Jour 2 - 9 octobre 2009 - P’tit train du Nord - Route verte #2 - Laurentides - Québec

Du km 182,5 au km 156 (abri sur lac)

A 23h50, alors que je dormais bien au chaud dans le duvet, je suis réveillé par les premiers crépitements d’une averse. Le double-toit répercute les salves de pluie, tout en laissant passer l’eau par quelques gouttières malencontreuses.
Réveil à 7h00 et départ à 8h00 sous cette pluie fine et persistante qui par intermittence durera jusqu’au soir. 8°C au petit matin. A quelques centaines de mètres de là, une petite bestiole mange de l’herbe en bordure de piste. Gros comme une marmotte, cette boule de poils pas farouche a une queue fine de 20 cm de long. On dirait un ragondin ?


A un kilomètre de mon lieu de bivouac (km 181,5) se trouve l’un de ces nombreux abris en forme de wagon, doté d’un toit. A un kilomètre près, hier soir je dormais au sec ! Vu la météo pas fameuse et la tente détrempée par la nuit, je vais tenter de trouver un autre de ces wagons de bois pour la nuit. Il aura pour principale mission de me tenir au sec durant la nuit. Nous sommes le 9 octobre et même si l’altitude est marginale, la pluie pénétrante conjugée à des températures automnales impose quelques précautions de base. Ces abris sont théoriquement indiqués sur les cartes de panneaux d’interprétation qui jalonnent la piste du « P’tit train du Nord ». Pas tout à fait des cabanes car ouvertes aux quatre vents, mais des abris de fortune que l’on est très heureux de trouver par temps de pluie. Et aujourd’hui justement, il pleut ! Après 1h43 de marche, pose à l’abri de Guénette. Le petit hameau est à deux pas.
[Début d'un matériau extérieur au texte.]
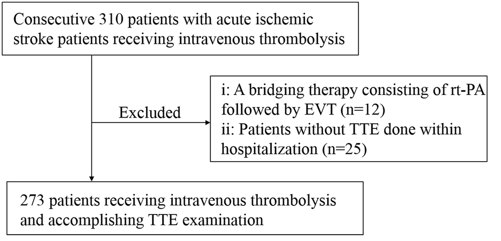 From June 2021 to May 2023, we prospectively collected a total of 310 patients treated with intravenous rt-PA (dose of 0.9 mg/kg, maximum 90mg) within 4.5 h of AIS onset in the National Stroke Prevention and Treatment Engineering Management Special Database. Of these, twelve patients who underwent intravenous thrombolysis combined with ET, and twenty-five patients with lack of LVEF data were excluded. Ultimately, 273 patients were eligible for inclusion in the final analysis (Figure 1).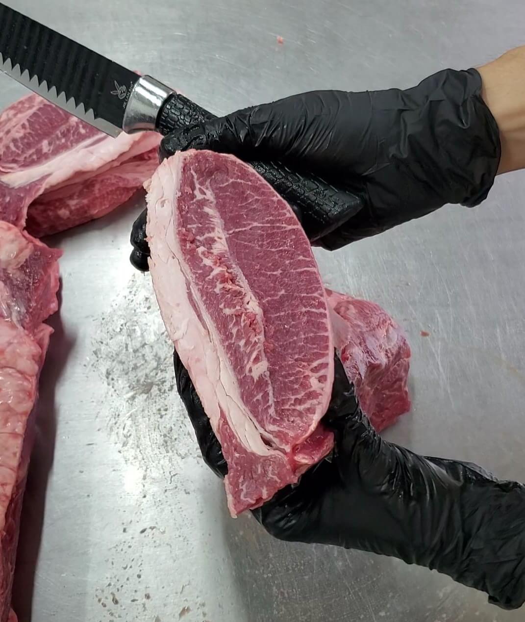 Khách yêu cầu lát làm steak và độ dày này cho phép giữ được độ chín vừa phải bên ngoài đỏ mềm bên trong. Tôi cắt với độ dày dao động từ 1.5cm đến 2cm.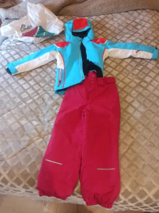 Conjunto de esquí para los más pequeños, perfecto para disfrutar de la nieve con comodidad.talla 4/6 años Medidas.40 de sisa 40 manga 40 cuerpo. Pantalón 85 con el peto 40 cadera 25 cintura regulable.se puede adaptar con velcro. - Pantalón de esquí con tirantes. - Chaqueta de esquí a juego. - Diseño moderno y funcional.

Quelques maisons disparates alignées le long d’une petite route que personne ne doit utiliser souvent. Une clairieière, les maisons sont posées dedans, tout autour la forêt dense. De quoi vivent les gens d’ici ? Plus loin voici le panorama décrit dans le guide : la vue s’étend en effet dans la clairière en contrebas, où un marigot serpente, cerné au loin par la forêt. Ce sont les carrières de granite, comme l’indique le panneau explicatif.
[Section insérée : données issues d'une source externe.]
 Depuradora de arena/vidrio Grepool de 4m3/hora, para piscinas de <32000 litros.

Le chemin toujours large et goudronné, horizontal à souhait serpente dans le bois ou laisse à parcourir des lignes droites de deux kilomètres, entre la végétation aux couleurs changeantes. Au milieu de nulle part, ici, là ou plus loin, une maison est posée là. Faut vraiment aimer la solitude pour venir vivre (ou s’enterrer ?) dans ces plaines isolées. De forêt ou bois multicolore, le paysage devient lande et marécage à l’approche du village de Lac Saguay, avec des prairies humides. Dans une immense ligne droite qui semble ne vouloir finir que dans la foret multicolore barrant l’horizon, je suis doublé par deux cyclistes. Salutations emportées par le vent, mais j’entends distinctement la fille dire à son copain :

« On aurait dit qu’il était français ? »

Oui, je suis français et mets en pratique la mondialisation en mangeant au fond des forêts du Québec des bonbons importés du Brésil ! Au niveau du km 158,5 un tuyau d’eau sur la droite coule contre un rocher. Point d’eau non indiqué dans le guide. En quittant Lac Saguay, le chemin longe à bonne distance la route 117 qu’on n’aperçoit peu à travers le bois. Le bruit des camions est là pour miner cette belle promenade dans les bois aux couleurs d’automne rendues splendides même sous la pluie. Km 156 : pause finale sous l’abri alors que la pluie redouble. Il n’est encore que 14h17, avec toujours seulement 8°C, mais la fin de la journée est sonnée. Bel endroit situé entre deux petits lacs. Une route à bon trafic, invisible mais peu distante. Sous cet abri surplombant un lac, je fais sécher la tente ainsi que le matelas gonflable qui ont pataugé durant la nuit précédente. La pluie et la pluie toujours. Passe un groupe de quatre cyclistes criant avec enthousiasme à ma hauteur. Six personnes vues aujourd’hui sur ce tronçon : pas mal ! Entendu aussi quelques coups de feu. Petite sieste au chaud sous le duvet et la tente sèche pour faire passer le reste de l’après-midi. Le repos pris ainsi n’est jamais inutile ou perdu. D’autant que par huit malheureux degrés, on sombre rapidement ! Au réveil, je m’aperçois que l’une des chaussures à une couture cassée sur le côté gauche. Ça va être un peu difficile de faire jouer la garantie, si loin du magasin d’achat, en France !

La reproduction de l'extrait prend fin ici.